En bref : Exigences CPCSC mythes et réalités : six affirmations qui circulent sur le Programme canadien de certification en cybersécurité (CPCSC) ne résistent pas à la lecture des documents officiels. Ni délai fixe de signalement d’incident, ni chiffrement FIPS obligatoire, ni exigence de résidence des données au Canada : la norme ITSP.10.171 dit autre chose que ce qu’on répète le plus souvent.

Une entreprise québécoise sous-traitante du gouvernement fédéral entend parler du CPCSC pour la première fois dans un appel d’offres, puis se met à chercher des réponses. Elle en trouve, beaucoup, de sources inégales : forums, présentations, résumés de tiers. Certaines réponses sont fausses. D’autres sont vraies, mais mal datées ou mal situées dans le bon niveau. Cet article reprend six affirmations qui reviennent souvent, sans nommer personne, et les vérifie une à une contre les documents officiels.

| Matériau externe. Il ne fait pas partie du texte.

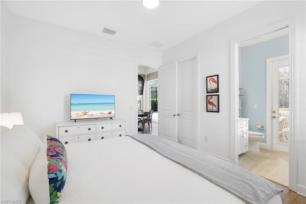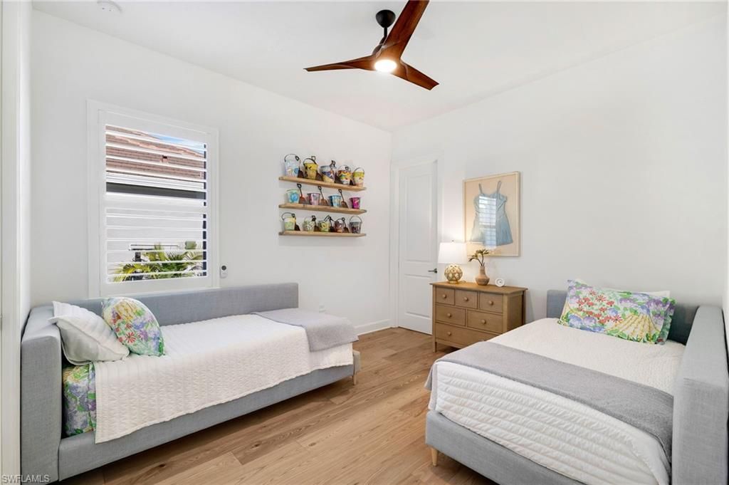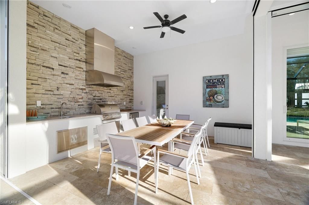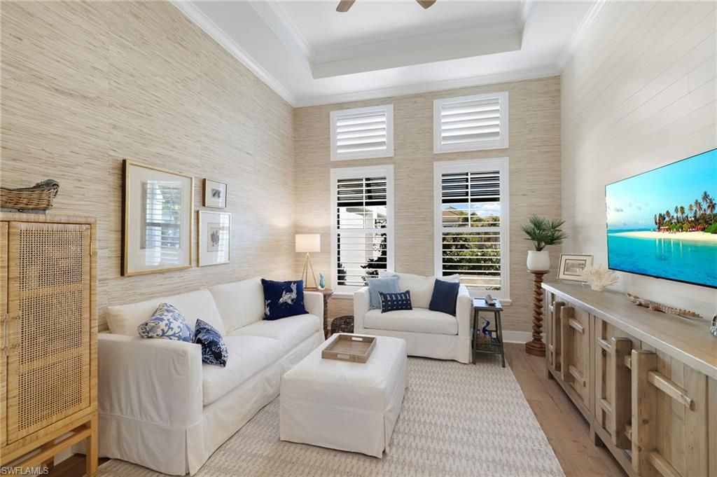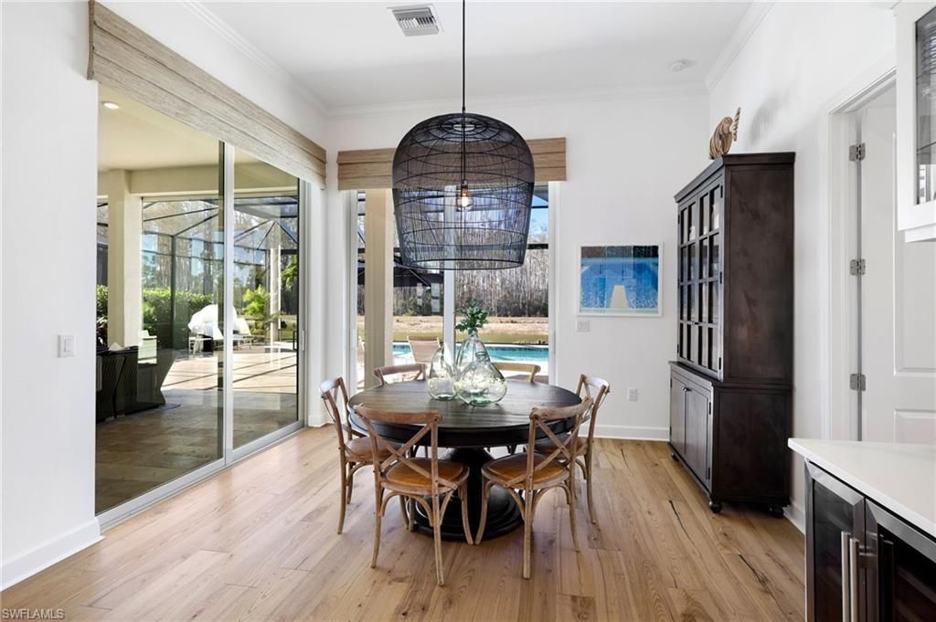 Coastal Elegance Meets Resort-Style Living in WildBlueExperience elevated Florida living in this extensively upgraded single-level Iris model, where coastal textures, custom finishes, and effortless indoor-outdoor design create a refined yet relaxed retreat. Light-filled living spaces flow seamlessly to a spectacular private lanai with pool, spa, outdoor kitchen, mounted TV, and hurricane-rated remote Kevlar screens—perfect for year-round enjoyment and entertaining.Inside, the home has been thoughtfully enhanced with a custom enclosed study featuring frosted glass and wood sliding doors, a built-in entertainment and display wall with LED lighting. The kitchen has been elevated with a dry bar and beverage refrigerator, complemented by custom storage solutions throughout every closet and pantry.Additional upgrades include plantation shutters on all interior windows, decorative cornices, designer lighting and fans, custom shiplap accents at the entry and study, upgraded laundry with LG front-load washer and dryer plus secondary washer, hurricane-rated frosted glass front entry doors, Bahama shutters, new front landscaping, dusk-to-dawn exterior lighting, impact-resistant sliders, and soaring 12–13 ft ceilings.Offering nearly 3,000 sq ft under air with 4 bedrooms and 3 baths, this home features wood flooring throughout the main living areas and bedrooms, a bright white quartz kitchen with GE Profile appliances, solid wood doors, and exceptional attention to detail throughout.Residents of WildBlue enjoy a premier resort lifestyle with a clubhouse, cabana bar, indoor dining, marina, pickleball and tennis courts, lap pool, staffed fitness center, spa, concert lawn, and more—just 15 minutes to RSW International Airport.

Pour la vue d’ensemble du programme, ses deux niveaux et son calendrier, notre guide complet CPCSC / PCCC reste la référence. Cet article se concentre sur ce qui crée le plus de confusion : la norme ITSP.10.171 elle-même, que nous expliquons en détail ailleurs, sert de socle technique au CPCSC et aux exigences de protection de l’information désignée.
Dans cet article
Le mythe du signalement d’incident CPCSC en 24 à 72 heures est-il vrai ?
Non. Aucun document officiel du Centre canadien pour la cybersécurité n’impose de délai fixe de signalement d’incident dans le cadre du CPCSC. Le chiffre de 24 à 72 heures circule beaucoup, mais rien dans la norme ITSP.10.171 ne le prescrit.

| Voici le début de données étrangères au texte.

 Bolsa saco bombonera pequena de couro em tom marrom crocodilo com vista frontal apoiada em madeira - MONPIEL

Ce qui existe, c’est une obligation de signaler les incidents, sans délai numérique associé dans la norme elle-même. Si votre contrat avec l’agence fédérale ou votre entente avec un maître d’œuvre impose un délai précis, c’est ce contrat qui le fixe, pas le CPCSC. Vérifiez vos clauses contractuelles avant d’inscrire un chiffre dans votre plan de réponse aux incidents.

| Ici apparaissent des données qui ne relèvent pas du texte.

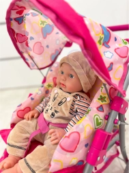 Une poussette pour poupées légère et stable de la marque Woopie qui ravira chaque petite maman. Elle possède une poignée réglable, une capote pliable, des ceintures de sécurité et un panier pratique pour les petits objets. Grâce à ses roues silencieuses en mousse, elle est idéale à la maison comme en promenade, et après le jeu vous la plierez facilement pour gagner de la place. Les enfants adoreront son design stylé à petits cœurs.

La réponse aux incidents fait-elle partie du niveau 1 ?
Non. Le PCCC niveau 1 repose sur 13 contrôles d’auto-évaluation. La gestion des incidents n’en fait pas partie. Elle apparaît avec la norme complète, à un niveau supérieur, où le nombre de contrôles à démontrer grimpe considérablement.
Confondre les deux niveaux coûte cher. Une entreprise qui bâtit un plan de réponse aux incidents détaillé pour répondre à une exigence de niveau 1 travaille sur un contrôle qui ne lui sera pas demandé à cette étape. Notre article sur les 13 contrôles du niveau 1 détaille ce qui est réellement exigé, et notre analyse du niveau 2 et de sa certification aux trois ans situe où la réponse aux incidents entre en jeu.
Le CPCSC rend-il le chiffrement FIPS obligatoire ?
Non, pas systématiquement. Le contrôle 03.13.11 de la norme mentionne le chiffrement validé FIPS (Federal Information Processing Standards, la norme fédérale américaine de validation des modules cryptographiques), mais comme paramètre organisationnel. C’est votre organisation, avec le donneur d’ordre, qui définit le niveau exigé selon le contrat, pas la norme qui l’impose uniformément à tout le monde.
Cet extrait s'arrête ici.